Lula quer Eletronet para “levar banda larga para onde a gente quiser”

A ideia de usar a Eletronet como uma ferramenta para inclusão digital ainda está nos planos do Governo. Desta vez, o sinal partiu do próprio presidente da República. Em discurso durante a cerimônia de entrega de 5,5 mil computadores para alunos da rede pública de educação, no Rio de Janeiro, Luiz Inácio Lula da Silva lamentou a dificuldade que o governo tem tido para recuperar a rede na Justiça. "Nós estamos brigando há cinco anos para tomar conta da Eletronet, que é uma empresa pública que foi privatizada, que faliu, e que nós estamos querendo pegar de volta", afirmou o presidente.

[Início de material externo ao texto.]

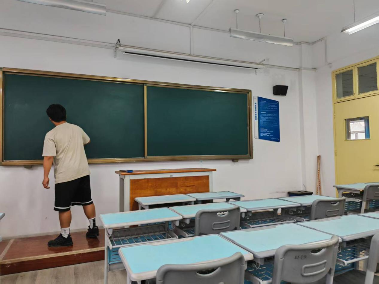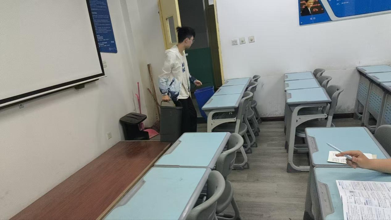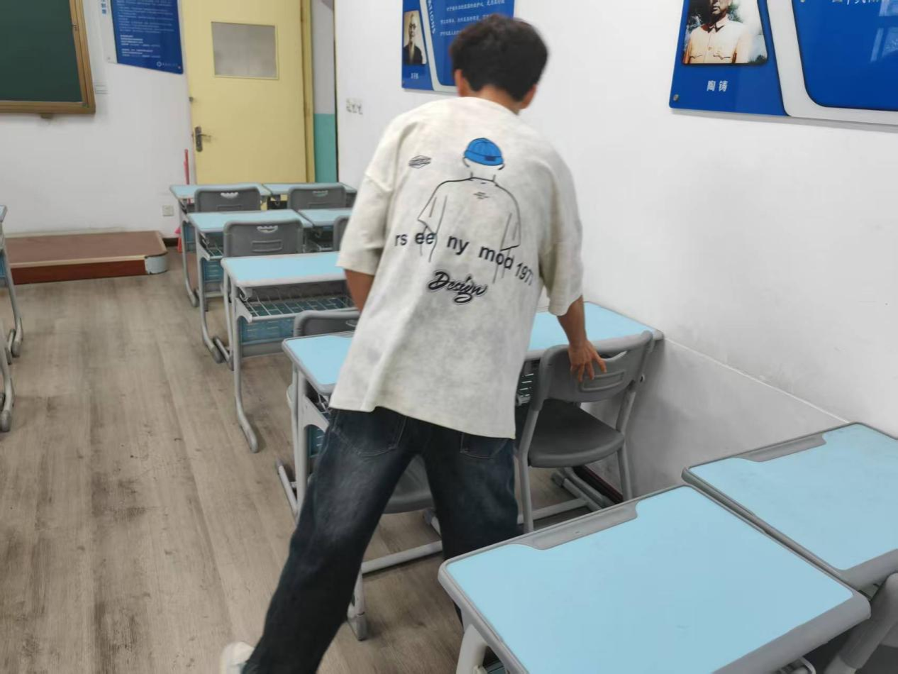 每天晚自习结束后,班级值日生都会遵循“卫生责任教室”的值日标准进行清洁工作。从地面清洁、窗台除尘到桌椅归位,每个细节都经得起检查,确保不留卫生死角。让教室不仅整洁有序,更充满了班级特色。

Lula deixou claro também por que o governo está tão interessado em concluir a disputa judicial pelo espólio da antiga estatal. "A gente não consegue pegar uma coisa que é nossa, para a gente poder levar internet banda larga para onde a gente quiser." O desabafo foi feito logo após o presidente comentar sobre o programa de inclusão digital que o governo tem em parceria com as concessionárias de telefonia fixa. Lula comentou que o governo ainda não conseguiu estruturar a ampliação do projeto para as áreas rurais, mas assegurou que sua equipe está trabalhando para que a banda larga chegue também nas escolas fora dos centros urbanos.

Dívidas

O presidente Lula também demonstrou que o governo não está disposto a assumir as dívidas da Eletronet. Para o presidente, cobrir as dívidas dessa rede seria pagar duas vezes pela mesma coisa. "Não é possível que o governo tenha que pagar por uma coisa que é do governo. Não é possível que eu tenha que comprar aquilo que já é do povo brasileiro", reclamou. Lula disse ainda que pediu apoio do governador do Rio de Janeiro, Sérgio Cabral, para resolver a disputa judicial. "Eu estou pedindo ajuda para o Sérgio Cabral. Vou ver se ele conhece quem é o juiz que está com essa ação", avisou.

As frases de Lula constam na transcrição oficial do discurso, disponíveis no site da Presidência da República.